Brookland is a village and civil parish in the Folkestone and Hythe district of Kent, England, about 5 mi west of New Romney. According to the 2001 census the parish had a population of 453, increasing to 479 at the 2011 Census. It is located on the A259 road in Romney Marsh and become popular with visitors heading to the Laughing Frog Teas Rooms.

==History==
===St Augustine's Church===
The parish Church of St Augustine has the unusual, if not unique, feature of an entirely wooden spire being separate from the body of the church. Popular myth is that the steeple looked down at a wedding service to see such a beautiful bride marrying such an unpleasant groom that it jumped off the church in shock. A more popular story is that one day a virgin presented herself to be married and the church spire fell off at the unusual occurrence. In fact, it is separate as the weight can not be supported by the marshy ground.

Inside the church there is a round lead font dating from the 12th century.
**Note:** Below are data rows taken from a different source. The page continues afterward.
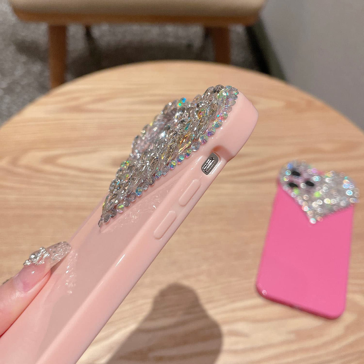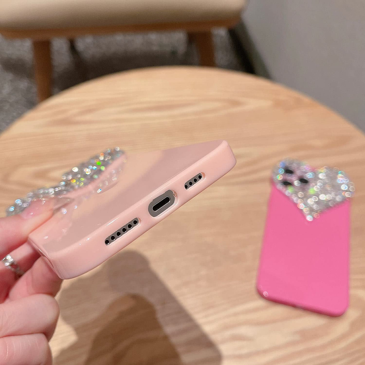 Enytdmo Cute Iphone 12 Case 3D Glitter Sparkle Bling Case For Women Girls, Pretty Rhinestone Diamond Cute Aesthetic Love Heart P
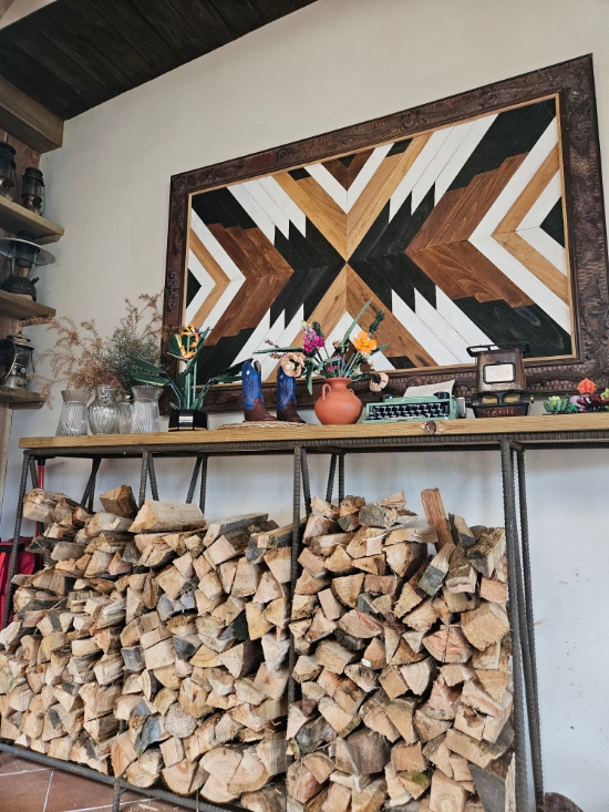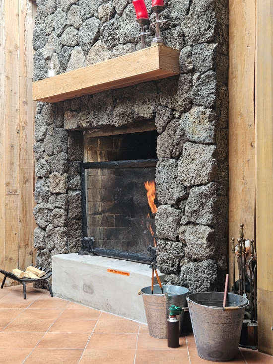 실내는 나무의 따뜻한 질감이 살아 있는 인테리어 덕분에 더욱 아늑하고 편안한 분위기였어요. 특히 장작 난로가 있는 공간이 있어, 추운 날 방문하면 더욱 운치 있을 것 같더라고요. 난로 옆자리에 자리를 잡고 둘러보니 장작이 쌓여 있길래 "진짜 불을 피우는 걸까?" 싶었는데, 직원분이 직접 난로에 불을 지펴 주셨어요. 덕분에 뜻밖의 불멍을 하며 기분 좋은 시간을 보냈답니다.
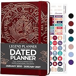 CREATE THE LIFE YOU'VE ALWAYS WANTED – This dated planner for 2026 will help you build a plan for your future, define your global life goals, and incorporate them into your agenda to work on them every single day. IMPROVE YOUR WORK-LIFE BALANCE – Learn to prioritize and manage your time effectively with monthly and weekly planning pages. Become your best self by setting and achieving goals in all areas of your life, not just school and work. PREMIUM QUALITY MATERIALS, STICKERS & OTHER EXTRAS – This goal planner comes in A5 size (5.8x 8.3 inches). The 2026-2027 weekly planner has a vegan leather hardcover, an elastic band, a pen holder, thick 120gsm paper, stickers, and a user guide. LASTS 13 MONTHS (JAN 2026-JAN 2027) – This weekly planner for 2026-2027 has convenient weekly and monthly layouts and covers 13 months of planning, from January 2026 till January 2027. 60-DAY MONEY-BACK GUARANTEE: We will exchange or refund your goal-setting planner 2026 if you aren’t satisfied with your work planner for 2026-2027 for any reason. Reach out to us via message to refund this adhd planner for adults for 2026.

Around its circumference are panels with reliefs showing the 12 Zodiac signs and the typical labours of each month.

===Battle of Brookland===
In 1816, when the conclusion of the wars with France made it possible to take steps to deal with smuggling on Romney Marsh, a Coast Blockade was established along the coast of Kent; the smugglers in response organized themselves into armed gangs, and became increasingly audacious. On the night of 11 February 1821 members of the Aldington Gang, landing goods at Camber, were spotted by the Blockade Sentinel, and were pursued across the marsh by the Blockaders. An officer was killed, a mile from Brookland, and two assistants wounded; four smugglers were killed and sixteen wounded. The event became known as the Battle of Brookland. There was a trial at the Old Bailey, which aroused great interest, and the smugglers' leader Cephas Quested was executed.

==Amenities==
As late as 1970 the village had a post office, five shops - including Coleman's, a butcher well known locally for his pork sausages - a tea room, a garage, blacksmith, abattoir, a vicar and three pubs. The Alliance and Royal Oak pubs have closed; the Woolpack Inn continues to operate 1 mi south of the village. The nearest general stores are now at Appledore (5 mi), Hamstreet (6 mi) and New Romney (6 mi).